PROBLEM REQUIREMENTS.
Can you write out every line from the start of the records below through the line containing "Kartki z serii", leaving out any pictures?

GIVEN DATA.
++++++

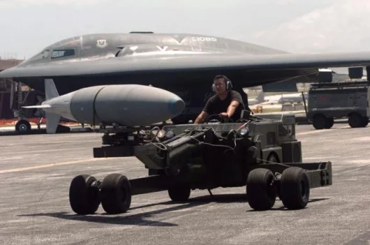 The B-2 Spirit is a multi-role bomber capable of delivering both conventional and nuclear munitions. A dramatic leap forward in technology, the bomber represents a major milestone in the U.S. bomber modernization program. The B-2 brings massive firepower to bear, in a short time, anywhere on the globe through previously impenetrable defenses.
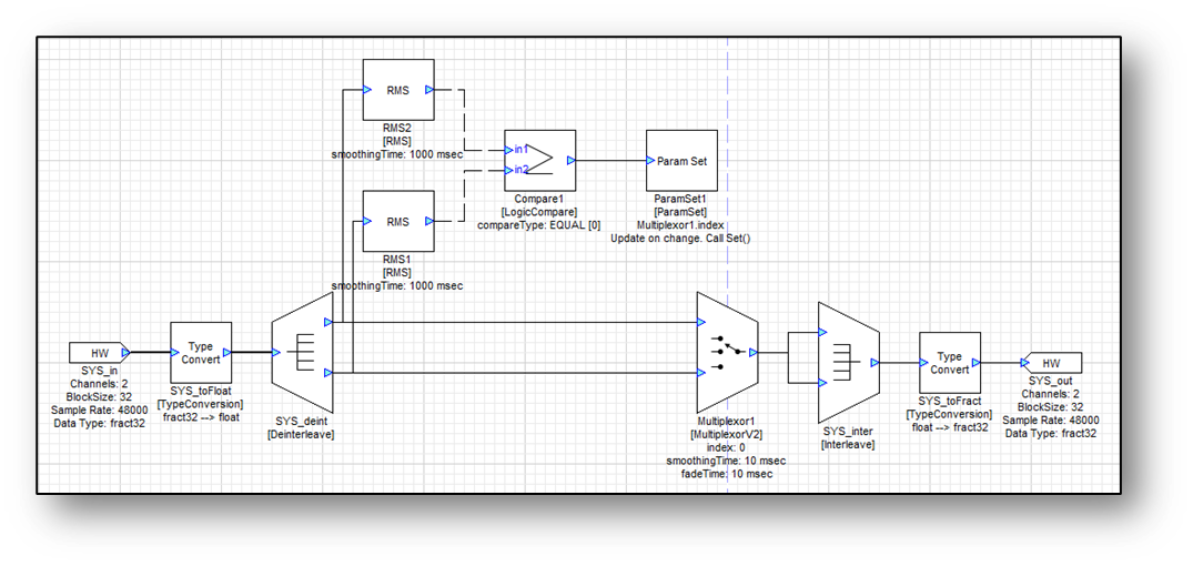 A simple example of the use of the Boolean signals is shown below. This system selects the louder of the two input channels and outputs it on both channels. To accomplish this, the RMS module measures the levels of the two input signals and outputs control signals. These control signals are then fed into a LogicCompare control, set to LESSTHAN comparison type. Its output controls the index of the MultiplexorFadeControl module which selects the louder of the two input channels.
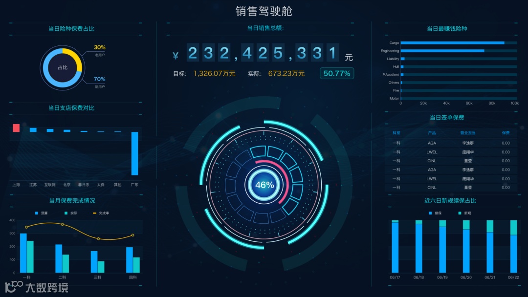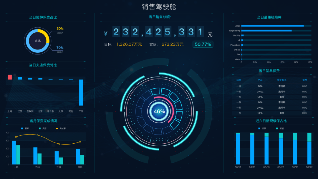 所以,围绕业绩的销售大屏对每个保险公司来说都是需要的,通过销售大屏了解每日签单情况,信息公告等,帮助管理层监控KPI执行情况,提高数据信度、效度,并激励业务部门完成KPI。
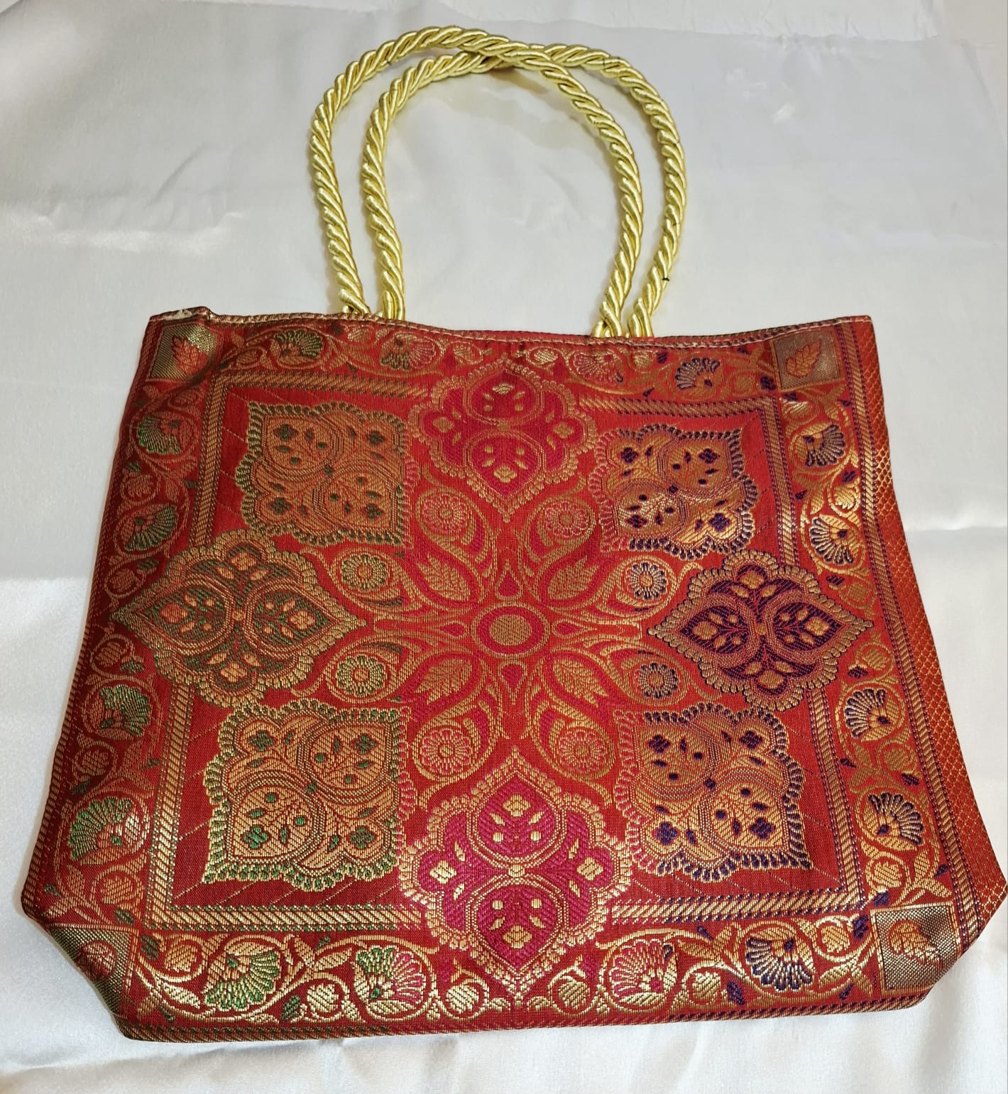 Red Peacock Banarasi Silk Small Hand bag
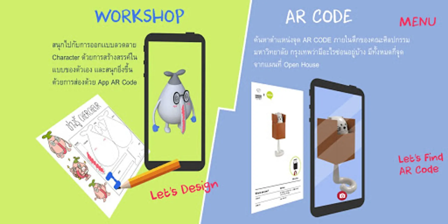 2. Play the game by looking at the hidden AR code. See the How to or How to get the item page at the Faculty of Fine Arts. Bangkok University Rangsit Campus
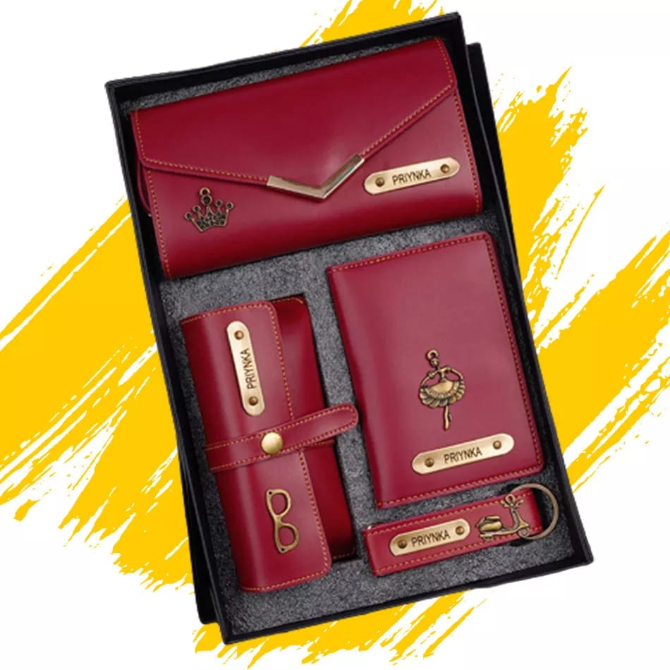 Personalized Women’s Combo Set – Wallet, Passport Cover, Keychain & Specs Case
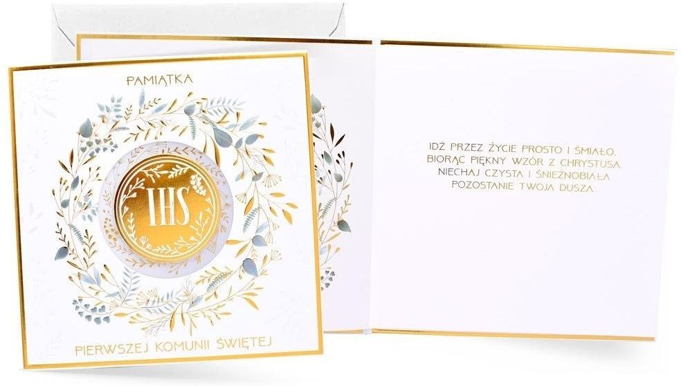 Kartki z serii Primus, to kartki najwyższej jakości, pięknie zdobione m.in złotą lub srebrną folią, tłoczeniami, czy wycinkami laserowymi. W środku każdej kartki znajdują się dobrane do okazji życzenia, a do kartki dołączona jest dopasowana koperta. Cechy szczególne: wymiary: 175 x 250 mm (po złożeniu) zdobienia: dekoracje ze złotej folii, doklejane koraliki, tłoczenia koperta: dopasowana w komplecie, wnętrze kartki: życzenia w środku, okazja: Komunia
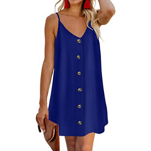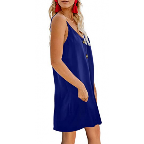 Features:Adjustable Spaghetti Strap,Sexy V Neck Sleeveless, Floral Print,Button Front, Casual Loose Fit Swing Tank Dress
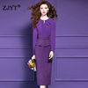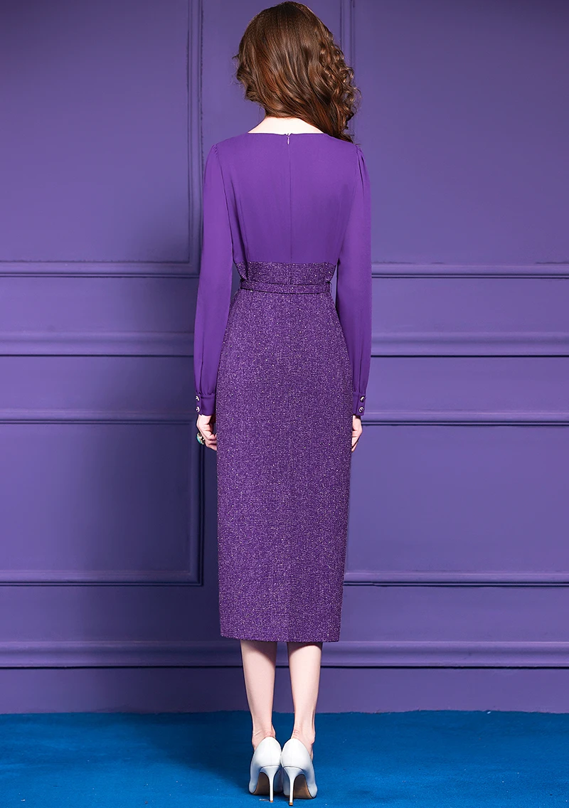 ZJYT Elegant Designer Purple Patchwork One Piece Tweed Woolen Dress Women Autumn New Fashion Long Sleeve Midi Office Party Dress
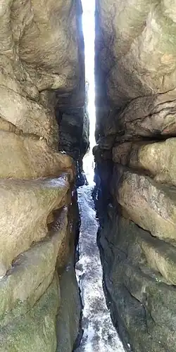 At the bottom of the Upper Cretaceous sea, thick layers of sandstone were deposited. In the Tertiary, during the Alpine orogeny, they were lifted out along with the entire Sudetes. Then, a long period of erosion and the removal of weathering began.[1] As a result of the uneven resistance of individual rock layers to weathering and the widening of fissures that cut through the massif in three directions, corridors of variable width, several meters deep, were created.[1]
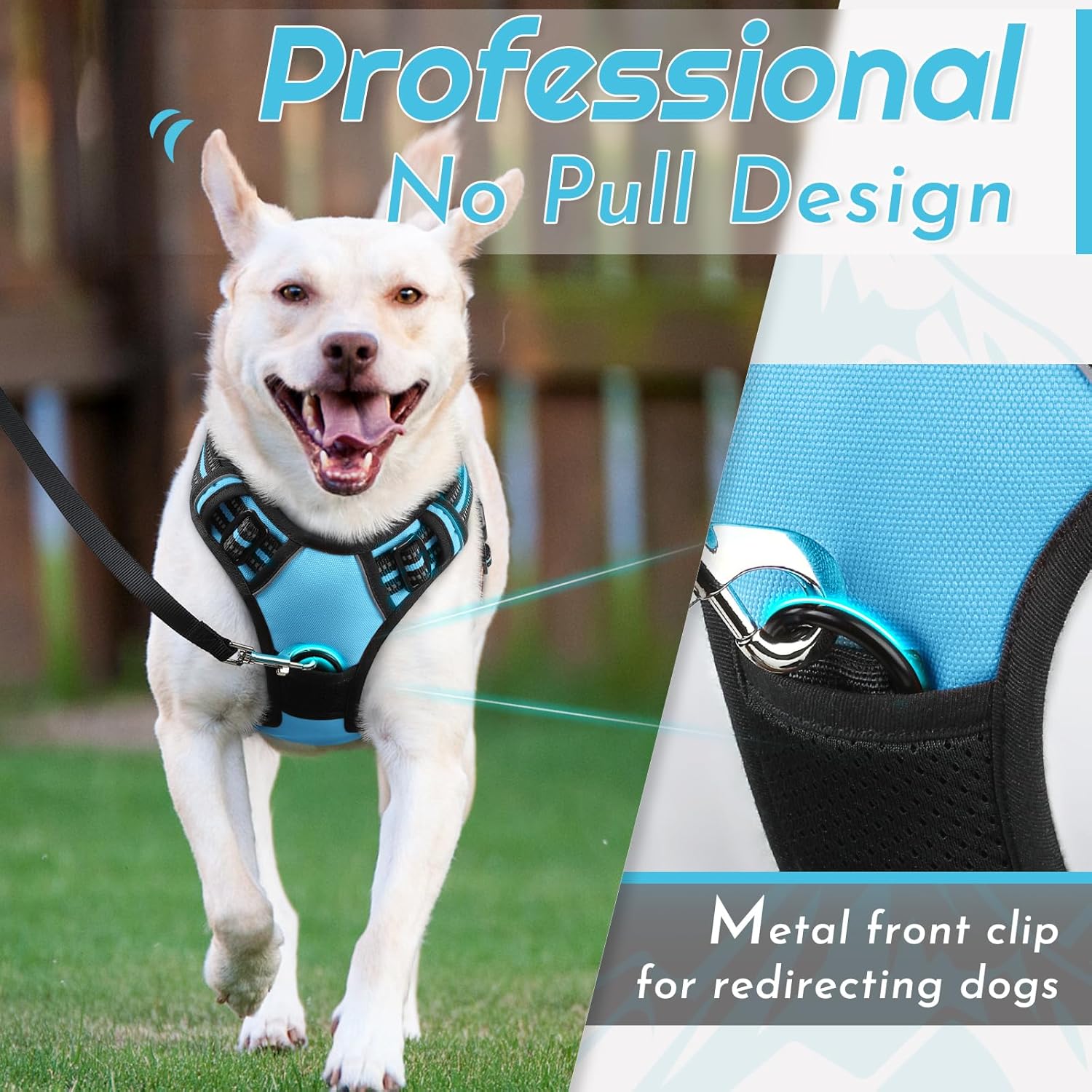 Eagloo Dog Harness Large Breed, No Pull Service Vest with Reflective Strips and Control Handle, Adjustable and Comfortable for Easy Walking, No Choke Pet Harness with 2 Metal Rings, Sky Blue, XL

++++++

EXERCISE RESPONSE.
 The B-2 Spirit is a multi-role bomber capable of delivering both conventional and nuclear munitions. A dramatic leap forward in technology, the bomber represents a major milestone in the U.S. bomber modernization program. The B-2 brings massive firepower to bear, in a short time, anywhere on the globe through previously impenetrable defenses.
 A simple example of the use of the Boolean signals is shown below. This system selects the louder of the two input channels and outputs it on both channels. To accomplish this, the RMS module measures the levels of the two input signals and outputs control signals. These control signals are then fed into a LogicCompare control, set to LESSTHAN comparison type. Its output controls the index of the MultiplexorFadeControl module which selects the louder of the two input channels.
 所以,围绕业绩的销售大屏对每个保险公司来说都是需要的,通过销售大屏了解每日签单情况,信息公告等,帮助管理层监控KPI执行情况,提高数据信度、效度,并激励业务部门完成KPI。
 Red Peacock Banarasi Silk Small Hand bag
 2. Play the game by looking at the hidden AR code. See the How to or How to get the item page at the Faculty of Fine Arts. Bangkok University Rangsit Campus
 Personalized Women’s Combo Set – Wallet, Passport Cover, Keychain & Specs Case
 Kartki z serii Primus, to kartki najwyższej jakości, pięknie zdobione m.in złotą lub srebrną folią, tłoczeniami, czy wycinkami laserowymi. W środku każdej kartki znajdują się dobrane do okazji życzenia, a do kartki dołączona jest dopasowana koperta. Cechy szczególne: wymiary: 175 x 250 mm (po złożeniu) zdobienia: dekoracje ze złotej folii, doklejane koraliki, tłoczenia koperta: dopasowana w komplecie, wnętrze kartki: życzenia w środku, okazja: Komunia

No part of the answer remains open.